**EXERCISE BRIEF:** Copy exactly the lines from the one containing "The Tile Flange" through the last line of the records below, both included, and leave out the pictures.
Content starts
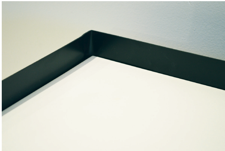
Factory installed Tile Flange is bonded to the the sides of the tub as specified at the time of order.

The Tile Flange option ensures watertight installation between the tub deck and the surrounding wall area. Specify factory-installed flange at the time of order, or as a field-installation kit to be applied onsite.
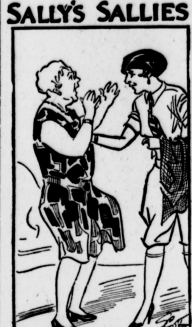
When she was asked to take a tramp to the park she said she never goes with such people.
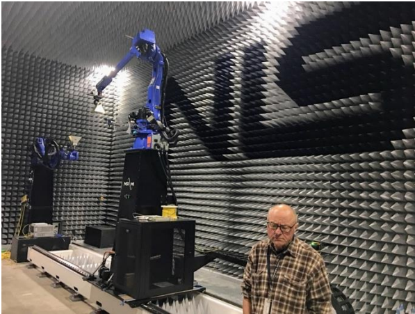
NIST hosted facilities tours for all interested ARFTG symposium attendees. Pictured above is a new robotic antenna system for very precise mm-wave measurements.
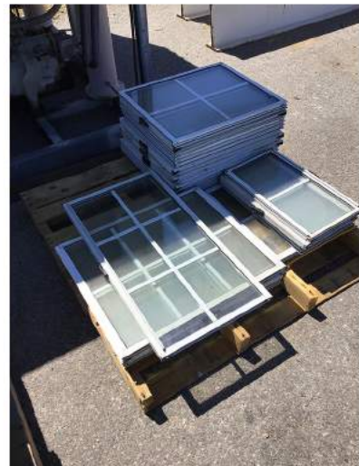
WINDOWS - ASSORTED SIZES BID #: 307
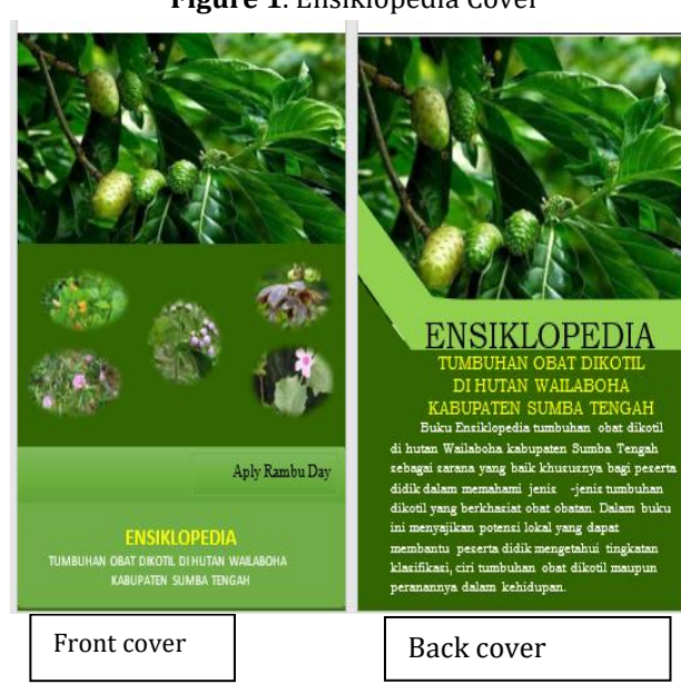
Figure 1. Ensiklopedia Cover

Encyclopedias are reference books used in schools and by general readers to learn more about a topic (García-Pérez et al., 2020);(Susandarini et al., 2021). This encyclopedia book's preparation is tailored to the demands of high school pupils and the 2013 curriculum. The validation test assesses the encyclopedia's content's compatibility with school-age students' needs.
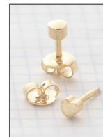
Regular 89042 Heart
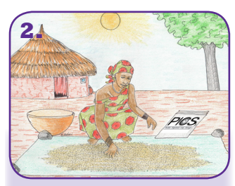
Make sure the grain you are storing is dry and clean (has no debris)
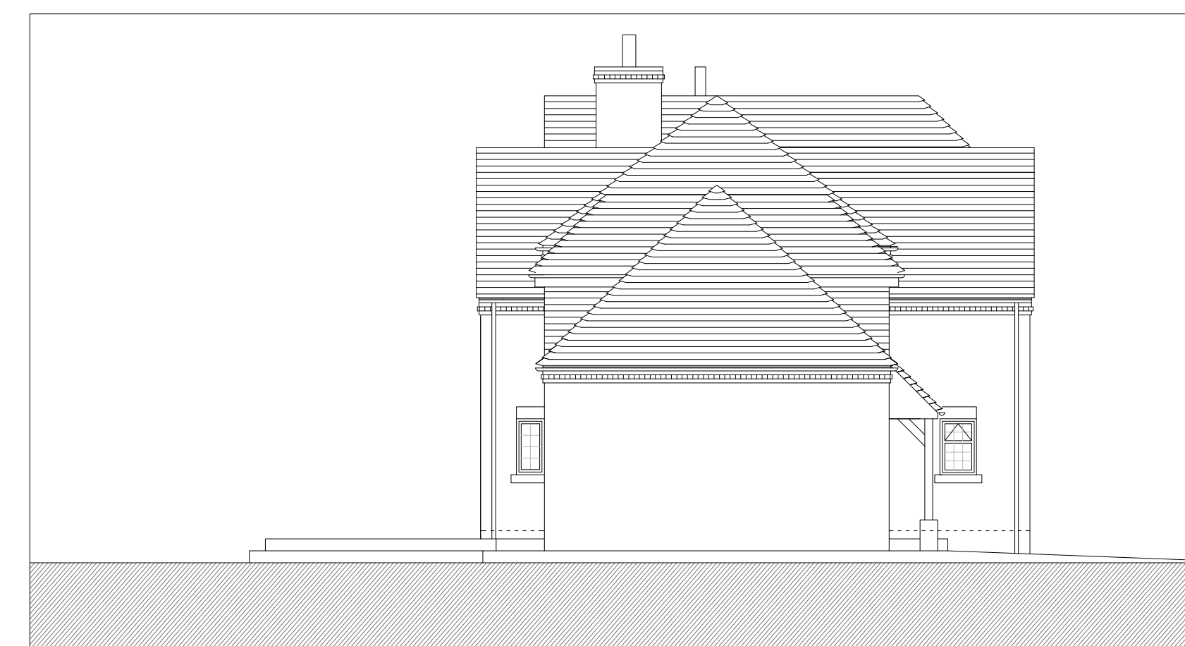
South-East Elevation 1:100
Content ends
**EXERCISE SOLUTION:**
The Tile Flange option ensures watertight installation between the tub deck and the surrounding wall area. Specify factory-installed flange at the time of order, or as a field-installation kit to be applied onsite.
When she was asked to take a tramp to the park she said she never goes with such people.
NIST hosted facilities tours for all interested ARFTG symposium attendees. Pictured above is a new robotic antenna system for very precise mm-wave measurements.
WINDOWS - ASSORTED SIZES BID #: 307
Figure 1. Ensiklopedia Cover

Encyclopedias are reference books used in schools and by general readers to learn more about a topic (García-Pérez et al., 2020);(Susandarini et al., 2021). This encyclopedia book's preparation is tailored to the demands of high school pupils and the 2013 curriculum. The validation test assesses the encyclopedia's content's compatibility with school-age students' needs.
Regular 89042 Heart
Make sure the grain you are storing is dry and clean (has no debris)
South-East Elevation 1:100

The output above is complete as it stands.